Exercise requirements: A word-for-word reproduction of the data below is needed, with no pictures in it.

Dataset content:
________________________________________
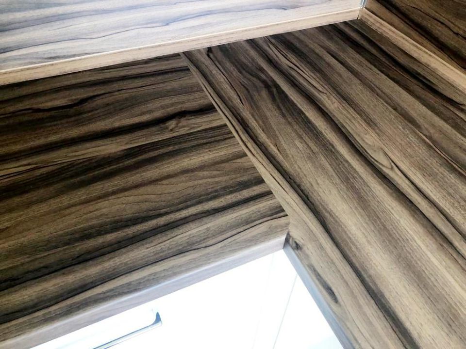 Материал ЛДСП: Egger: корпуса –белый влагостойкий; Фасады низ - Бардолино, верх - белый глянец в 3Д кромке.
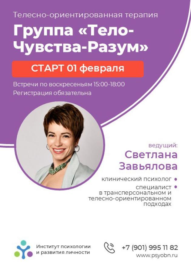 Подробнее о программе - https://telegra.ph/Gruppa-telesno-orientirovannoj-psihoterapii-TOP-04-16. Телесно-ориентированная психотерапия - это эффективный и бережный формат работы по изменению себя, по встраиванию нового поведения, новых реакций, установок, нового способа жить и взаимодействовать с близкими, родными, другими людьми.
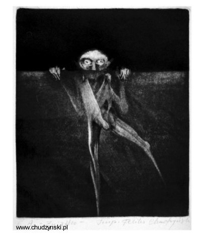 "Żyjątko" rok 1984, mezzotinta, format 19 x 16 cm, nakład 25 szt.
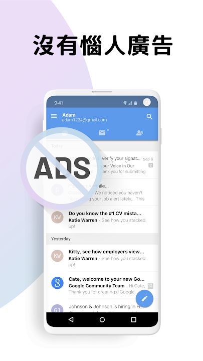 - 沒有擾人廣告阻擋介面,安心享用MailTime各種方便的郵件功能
________________________________________
Expected answer:
 Материал ЛДСП: Egger: корпуса –белый влагостойкий; Фасады низ - Бардолино, верх - белый глянец в 3Д кромке.
 Подробнее о программе - https://telegra.ph/Gruppa-telesno-orientirovannoj-psihoterapii-TOP-04-16. Телесно-ориентированная психотерапия - это эффективный и бережный формат работы по изменению себя, по встраиванию нового поведения, новых реакций, установок, нового способа жить и взаимодействовать с близкими, родными, другими людьми.
 "Żyjątko" rok 1984, mezzotinta, format 19 x 16 cm, nakład 25 szt.
 - 沒有擾人廣告阻擋介面,安心享用MailTime各種方便的郵件功能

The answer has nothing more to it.